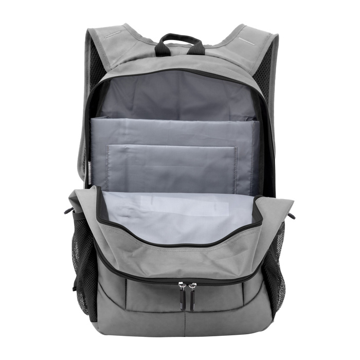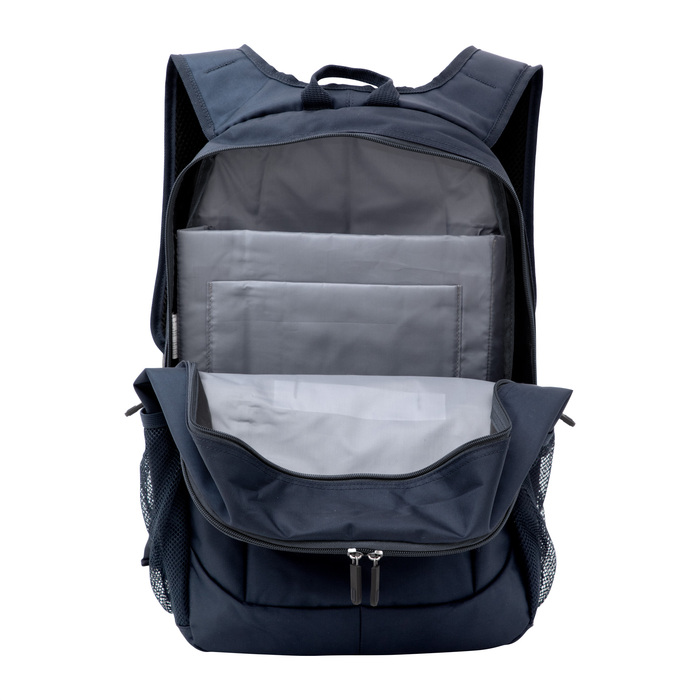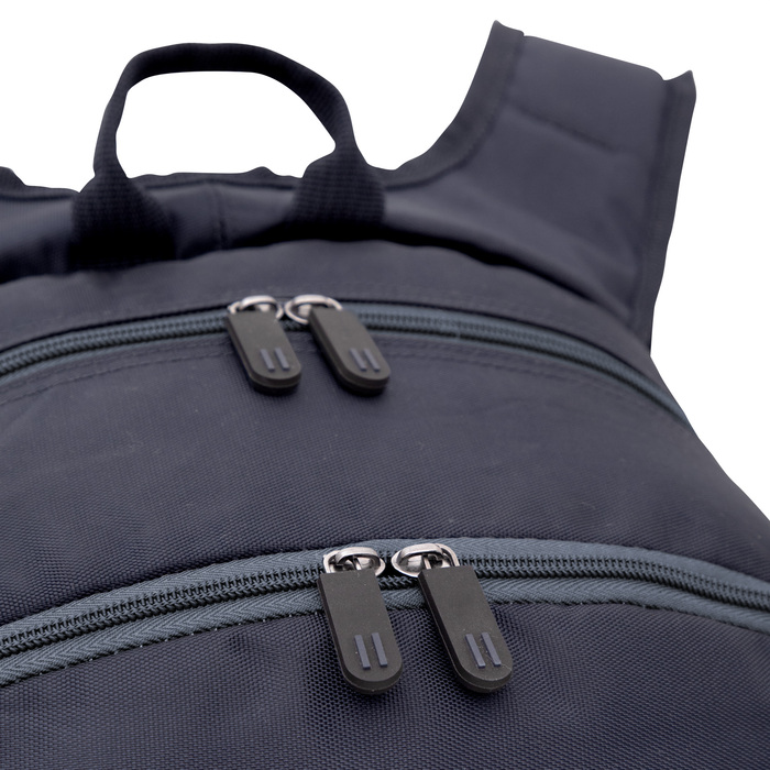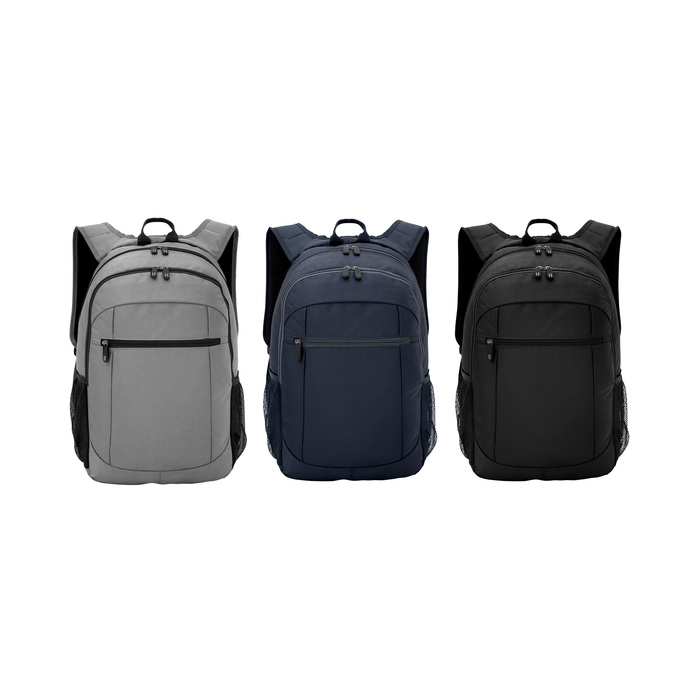 Mochila portanotebook de hasta 16 pulgadas. 2 compartimentos con doble cierre.  Amplio compartimento principal posterior con bolsillos acolchados portanotebook y portatablet. Compartimento frontal, interior con bolsillos organizadores y 1 bolsillo frontal con cierre horizontal. 2 Bolsillos laterales de red elastizados porta botellas y accesorios. Asa superior, correas ajustables reforzadas y acolchadas, unidas en su parte superior para mayor resistencia, protección y comodidad. Espalda acolchada. Cierres metálicos con deslizadores de goma con detalles de color.
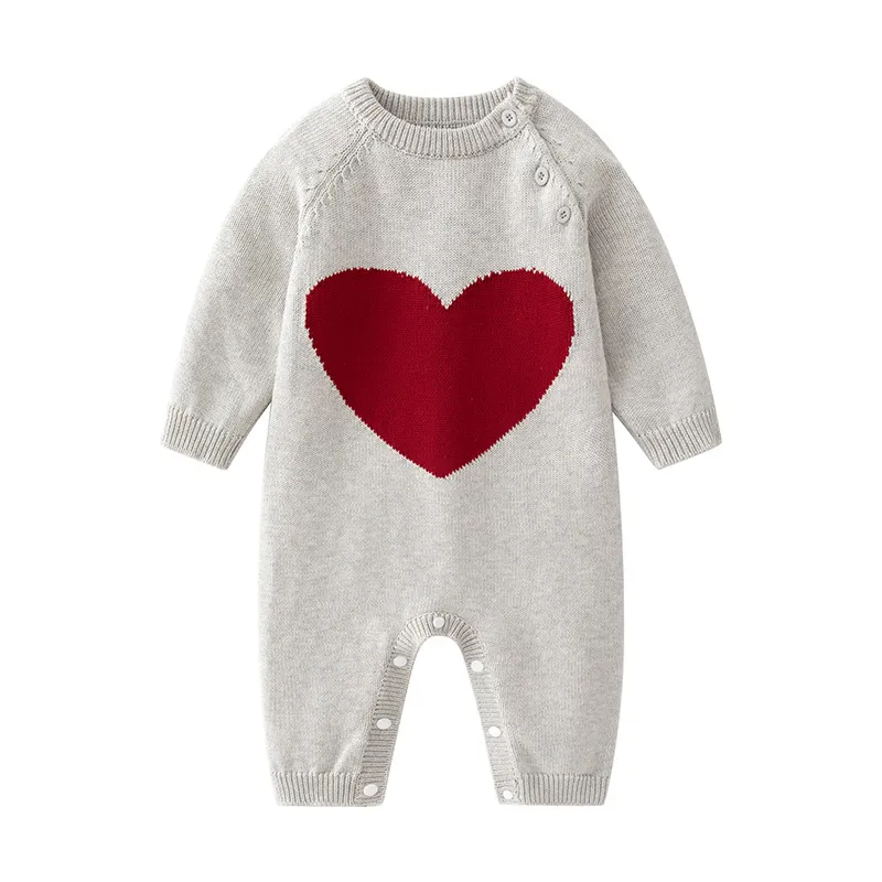 Quimono de punto de manga larga con diseño de corazón en jacquard para bebé de invierno.
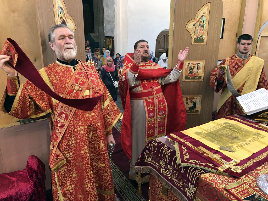 На сугубой ектении возносились прошения о единстве Церкви, затем отец настоятель вознес молитву о мире на Украине.
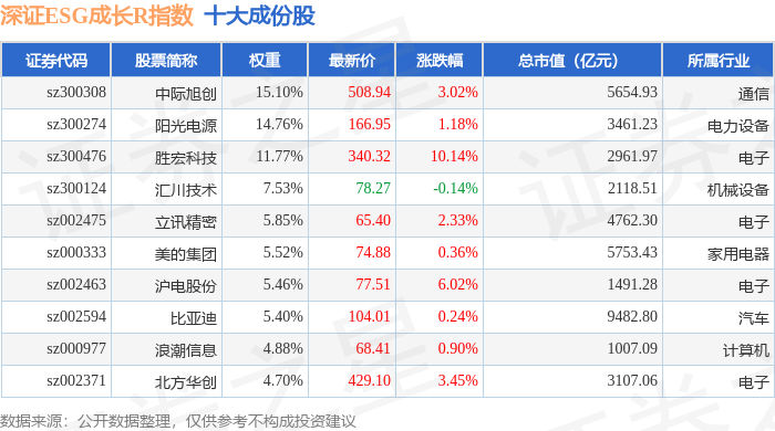 深证ESG成长R(470060)指数十大成份股详情如下:
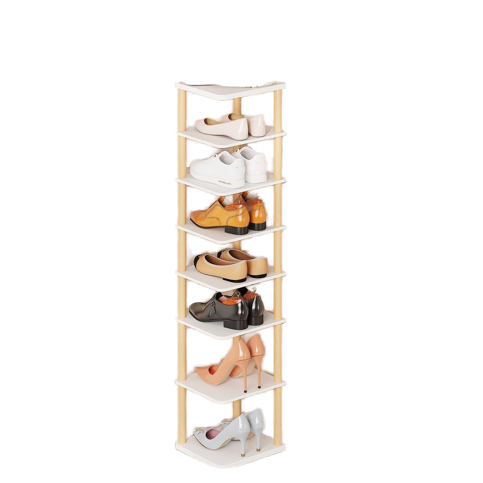 LUCKNOCK Zapatero vertical de 8 niveles Alto Estrecho Independiente Zapatero de madera blanca Torre para entrada Dormitorio Espacios pequeños
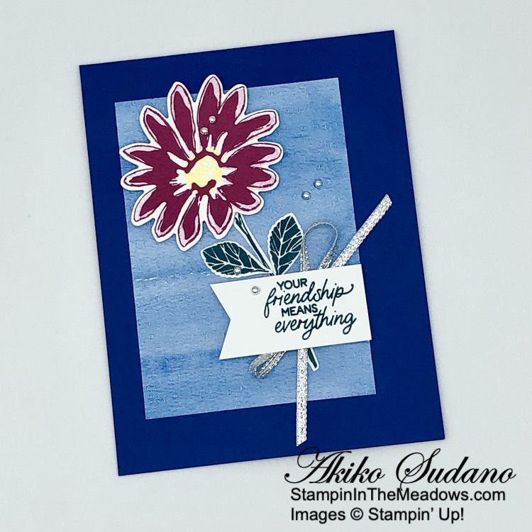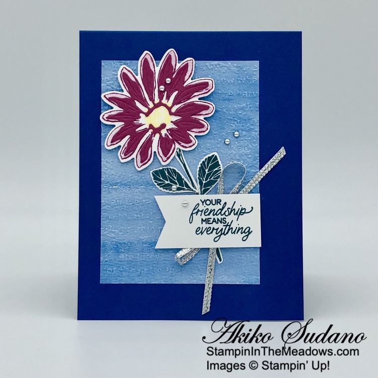 I stamped the sentiment from the Stampin’ Up! Cheerful Daisies stamp set in Pretty Peacock ink on Basic White and punched the end with the Banners Pick A Punch. I made a bow with silver metallic ribbon and adhered it to the back of the label before adhering the label to the card with dimensionals. I finished the card with silver metallic pearls.
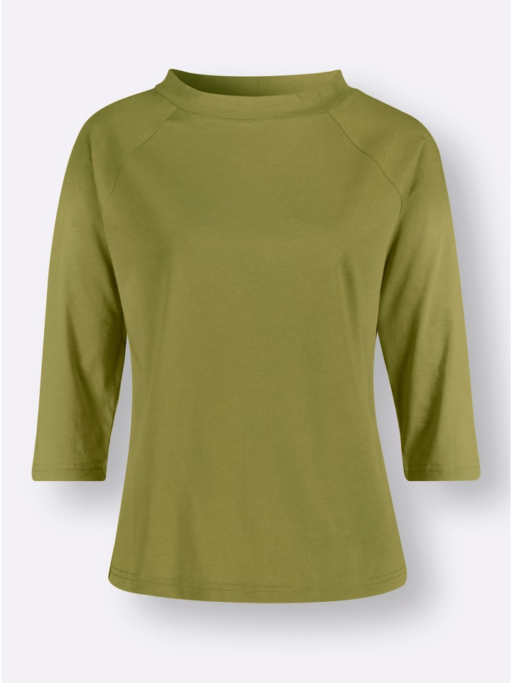 Эта рубашка со стильным воротником-бокалом - настоящий маст-хэв! Удобный крой с рукавами реглан длиной 3/4.
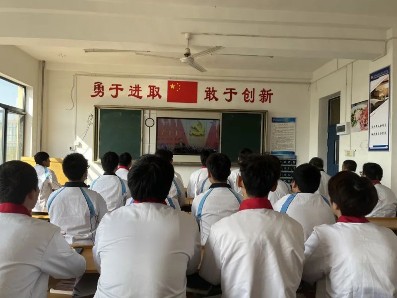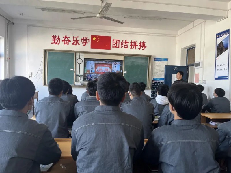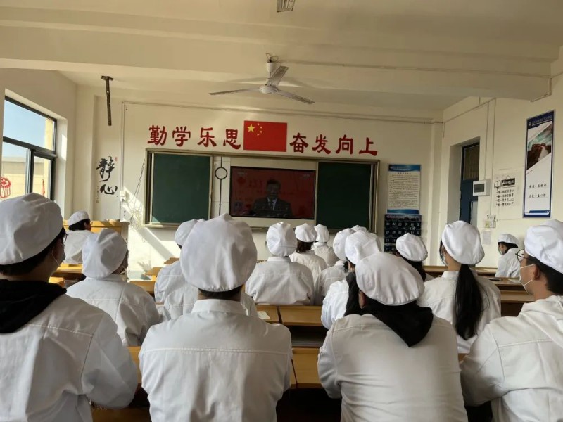 在收看直播过程中,师生聚精会神听报告、全神贯注做笔记。
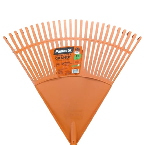 A Vassoura Plástica para Folhas Famastil, na vibrante cor laranja, foi projetada para elevar a eficiência na limpeza de folhas e detritos em quintais, pátios, garagens e áreas externas. Com 26 dentes longos e robustos, oferece cobertura superior, promovendo varrição rápida e eficaz — ideal para espanagem de grama sintética, recolhimento de folhas secas e limpeza de pequenas partículas, sem danificar superfícies delicadas.
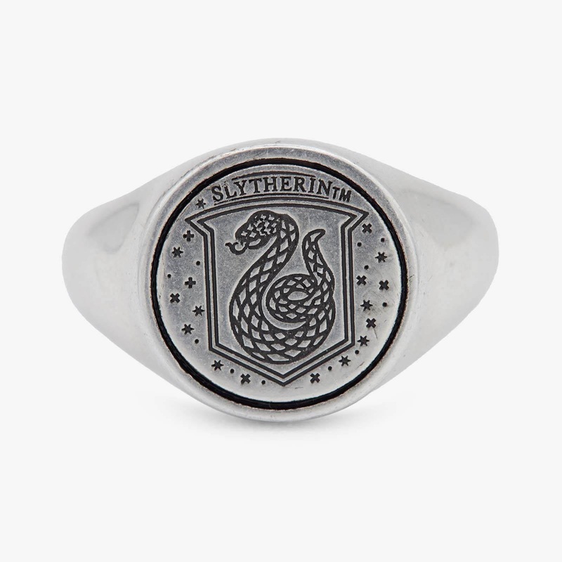 Were s-s-s-s-soooo into the Slytherin Signet Ring. This spellbinding silver style features an engraved Slytherin crest and the words ambition, pride, cunning etched on the inner band to truly capture the Slytherin spirit.For everyring sold, Pura Vida will
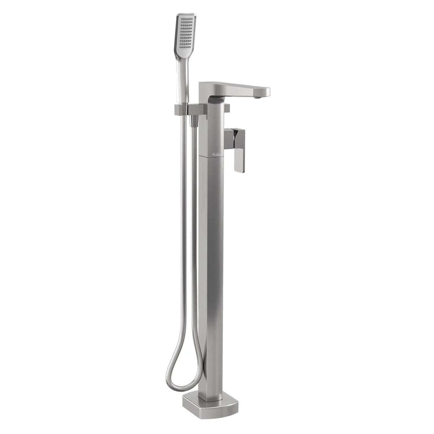 Kalia GRAFIK 39.5" Floor Mount Tub Filler with Hand Shower- Pure Nickel PVD
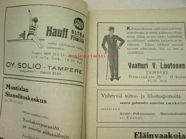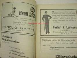 | Saatavilla | 1 kpl | | Julkaisuvuosi | 1935 | | Sivuja | 53 + ilmoitussivut | | Kunto | K3 | | Sidonta/painoasu | Nidottu (pehmeäk.) | | Kielet | Suomi |
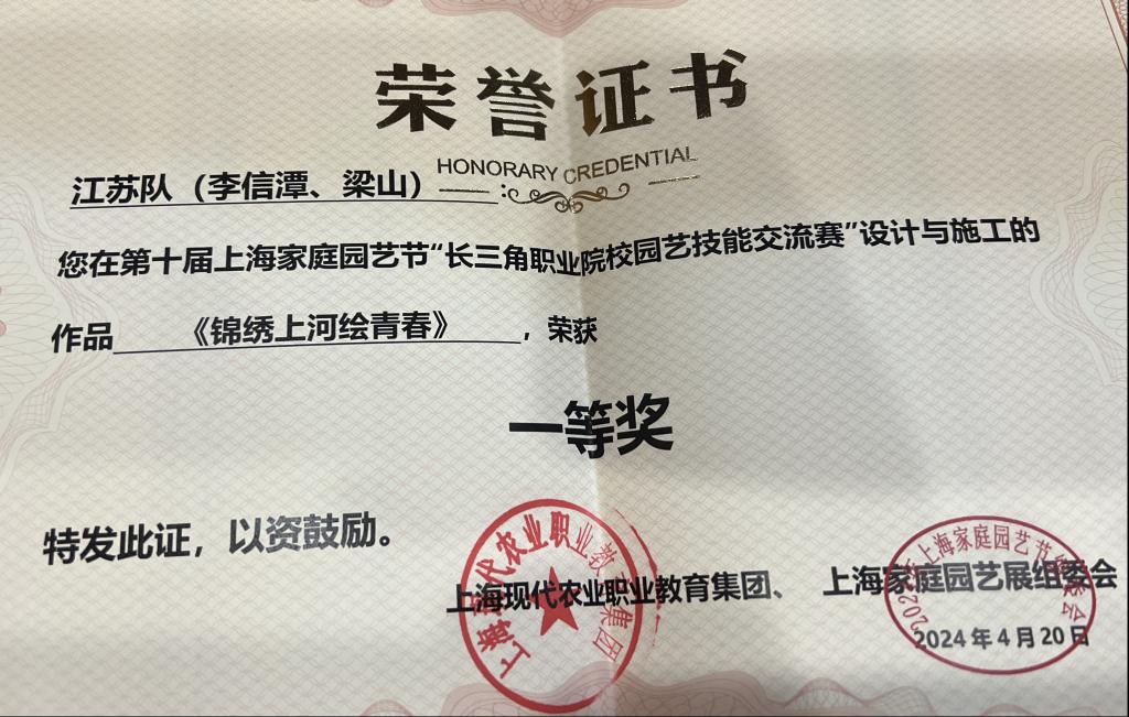 4月19日-21日,由上海市绿化委员会、上海现代农业职教集团主办,上海市花卉产业体系 、上海上房园艺有限公司联合承办的第十届上海家庭园艺节“长三角职业院校园艺技能交流赛”在上房园艺・梦花源成功落下帷幕,我院园林专业师生的参赛作品《锦绣上河绘青春》荣获本次大赛一等奖。本次比赛历时3天,有来自安徽(世赛国家队)、浙江、上海、江苏的11个长三角地区园林相关专业职业院校参加。
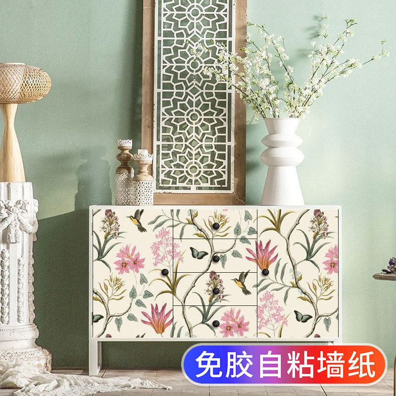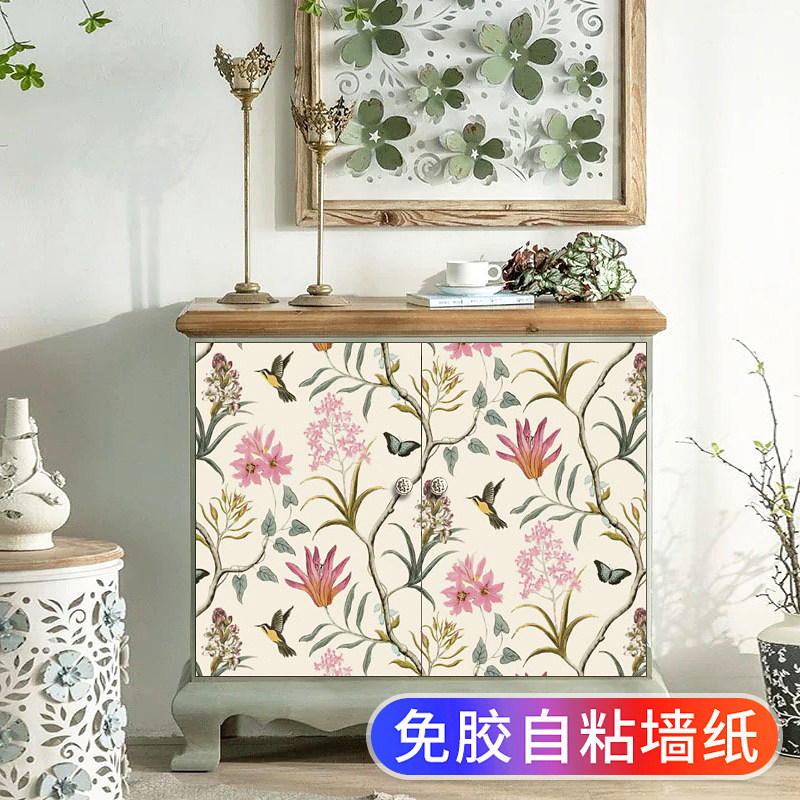 📚 美式花卉柜子改造贴纸家具翻新美化柜门橱柜鞋柜衣柜改色墙纸自粘

+--

ABOUT THIS TASK
After locating "Эта рубашка со" and "Kielet | Suomi |" in the records above, return exactly the line holding each one and every line between them; leave out the pictures.

EXPECTED OUTPUT
 Эта рубашка со стильным воротником-бокалом - настоящий маст-хэв! Удобный крой с рукавами реглан длиной 3/4.
 在收看直播过程中,师生聚精会神听报告、全神贯注做笔记。
 A Vassoura Plástica para Folhas Famastil, na vibrante cor laranja, foi projetada para elevar a eficiência na limpeza de folhas e detritos em quintais, pátios, garagens e áreas externas. Com 26 dentes longos e robustos, oferece cobertura superior, promovendo varrição rápida e eficaz — ideal para espanagem de grama sintética, recolhimento de folhas secas e limpeza de pequenas partículas, sem danificar superfícies delicadas.
 Were s-s-s-s-soooo into the Slytherin Signet Ring. This spellbinding silver style features an engraved Slytherin crest and the words ambition, pride, cunning etched on the inner band to truly capture the Slytherin spirit.For everyring sold, Pura Vida will
 Kalia GRAFIK 39.5" Floor Mount Tub Filler with Hand Shower- Pure Nickel PVD
 | Saatavilla | 1 kpl | | Julkaisuvuosi | 1935 | | Sivuja | 53 + ilmoitussivut | | Kunto | K3 | | Sidonta/painoasu | Nidottu (pehmeäk.) | | Kielet | Suomi |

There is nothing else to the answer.